PROBLEM DETAILS » Beginning with the line that has "ALSA涉及很多结构体,大致" and ending with the line that has "5 pack of diecast", retype the entries below exactly, except for the pictures.

——

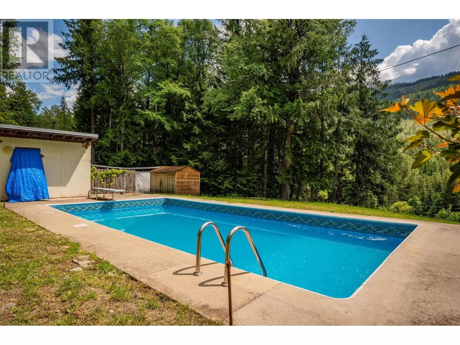 What an incredible property to raise a family on! This phenomenal package offers a 4 bed, 2.5 bath meticulously maintained, sprawling family home with a double car garage, 4.14 acres of land with a perfect mix of open pastures and shady forest, a 20 x 40 shop and a pool! Entering into the home you are welcomed with a large entry way that offers plenty of closet space. Hang a right to the spacious living areas which include a beautiful sunken living room with a gorgeous brick fireplace and large windows to watch the resident deer and stunning sunsets from. Across from the living room is a large family/TV room with patio doors to the backyard. The spacious dining room is ready to host all the family gatherings and the massive kitchen ensures there is enough room for everyone to help with dish duty! Off the garage is a large mud room and half bath with laundry. Hang a left from the main entry and youâll hit the nicely updated bathroom, large primary bedroom with patio doors to the backyard and a full ensuite. 3 more large bedrooms are down the hall and a huge pantry/storage area. The partial basement is unfinished with a large wood storage area and utility room hosting the electric/wood combo forced air furnace, hot water tank and the well pressure tank. The remainder is crawl space which offers additional storage. The house is serviced with a 200 amp panel with a sub service going to the pool house. Shop has separate service and meter. This incredible property truly does offer it all for a family ready to make those country life memories. Located just 10 minutes from Fruitvale and Salmo and 20 minutes to Castlegar. Call your REALTOR® today to set up your personal tour. By appointment only please. NO DROP INS. (id:27476)
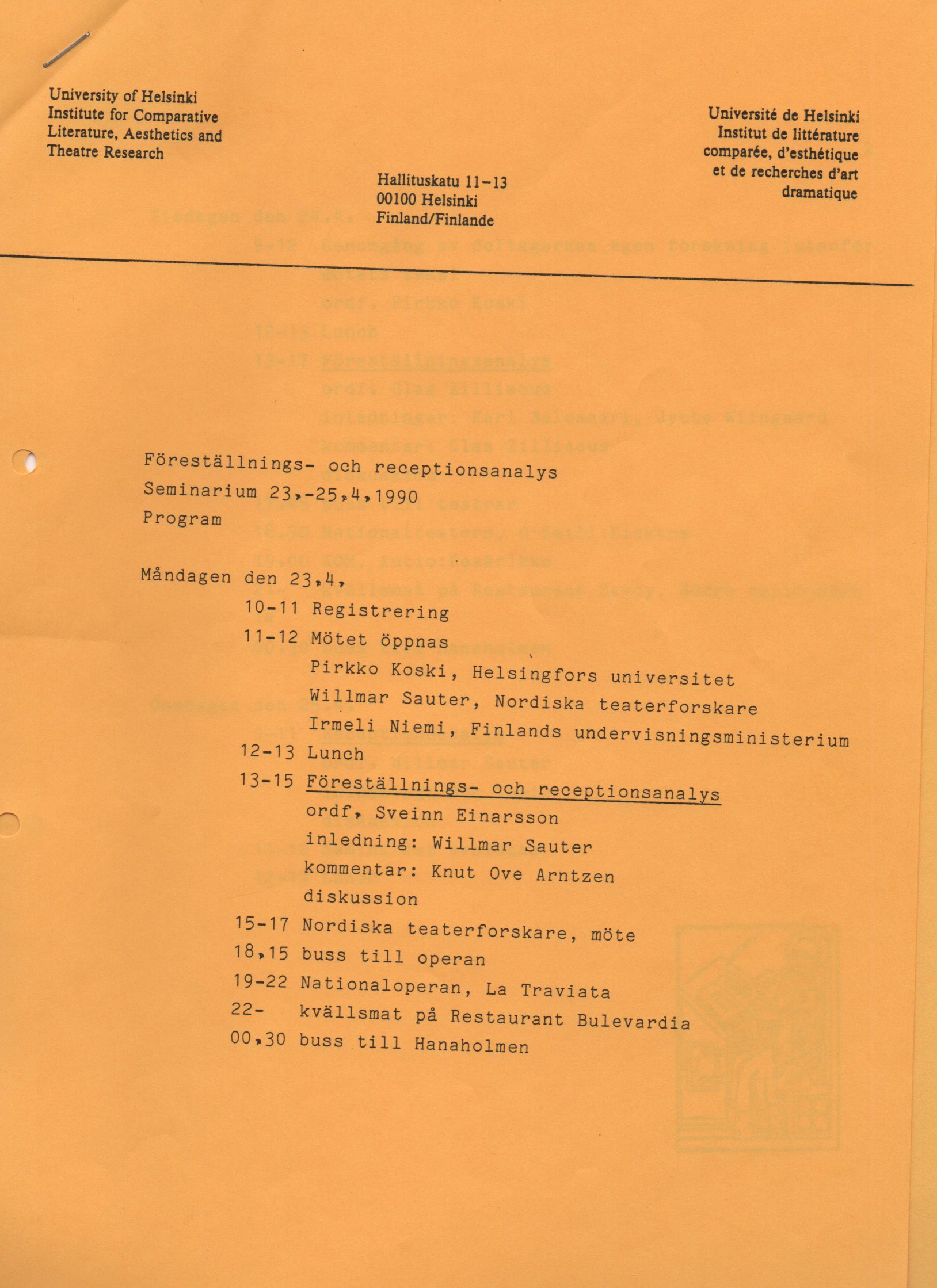 The Association of Nordic Theatre Scholars, Nordiska teaterforskare, was founded in Stockholm in 1989 and its first seminar was organised the following year, hosted by the University of Helsinki’s theatre studies department. The seminar’s name “Föreställnings- och receptionsanalys” (Performance and reception analysis) exemplifies that contemporary theatre researchers were paying particular attention to the theatrical event: analysing performance and exploring reception studies.
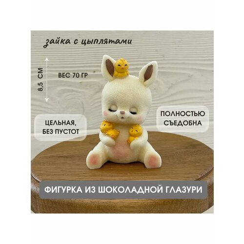 Украшение для торта. Фигурка из шоколадной глазури. Пасхальный зайка с цыплятами.
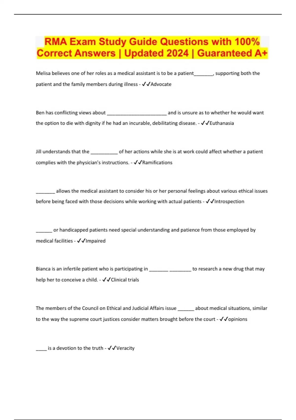 RMA Exam Study Guide Questions with 100% Correct Answers | Updated 2024 | Guaranteed A+
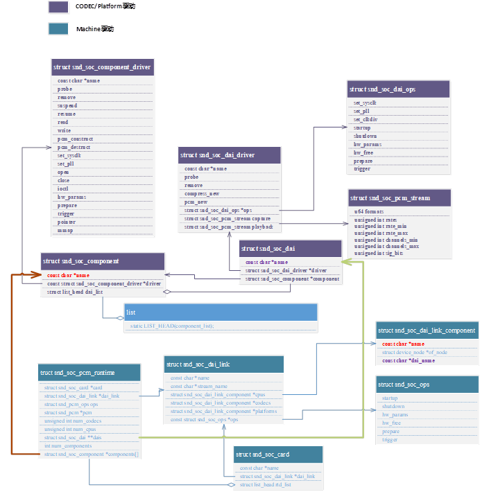 ALSA涉及很多结构体,大致梳理了其中的关系如图2.4所示。Machine驱动起总领作用,通过搜索component_list并比较name/dai_name与codec/platform驱动进行匹配。
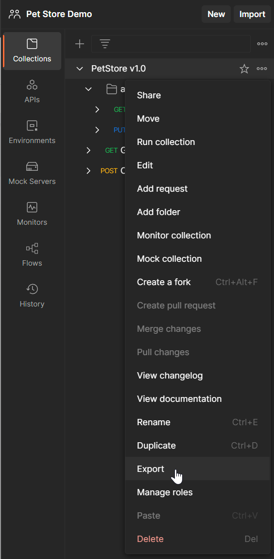 ‘.\collections\Petstore v1.0.postman_collection.json` – This is the path to the exported Collection
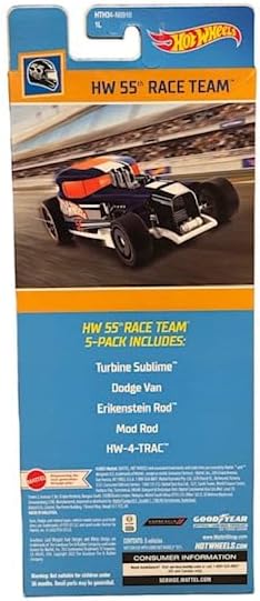 5 pack of diecast cars from HW 55th Race Team. Includes Turbine Sublime, Dodg Van, Erikstein Rod, Mod Rod and HW-4-TRAC. Great for STEM learning.
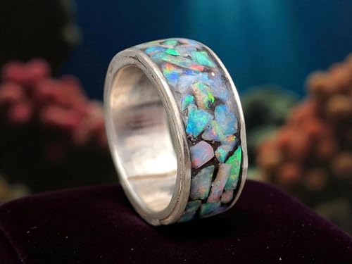 LeoLars-PABE Lightning Ridge Opalsplitter Design Ring, Gr. 55/56 (17,8), aus 925er Silber, Opalmosaik in Multicolor, Unikat, Handarbeit
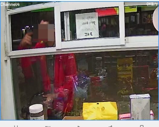 Gracias a las cámaras de seguridad, se logró identificar al presunto autor vistiendo un buzo rojo de la empresa Shell. En otras imágenes, se lo ve con una campera gris con capucha y el rostro pintado, intentando ocultar su identidad.
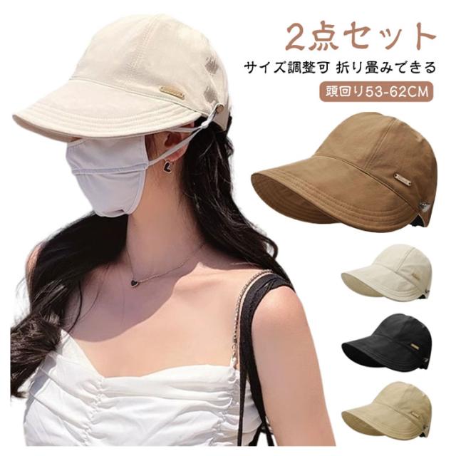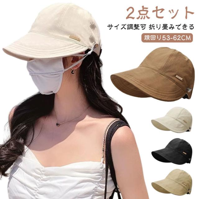 キャスケット キャップ 帽子 2点セット 春夏 折りたたみ 深め つば広 夏 ハット 日よけ 遮光 日除け帽子 小顔効果 通学 春 サイズ調節 完全遮光 UVカット 日焼け防止 無地 かわいい おしゃれ 韓国 通勤 2点セット 旅行 散歩 お出かけ 通気性 速乾 涼しい

——

FINAL ANSWER »
 ALSA涉及很多结构体,大致梳理了其中的关系如图2.4所示。Machine驱动起总领作用,通过搜索component_list并比较name/dai_name与codec/platform驱动进行匹配。
 ‘.\collections\Petstore v1.0.postman_collection.json` – This is the path to the exported Collection
 5 pack of diecast cars from HW 55th Race Team. Includes Turbine Sublime, Dodg Van, Erikstein Rod, Mod Rod and HW-4-TRAC. Great for STEM learning.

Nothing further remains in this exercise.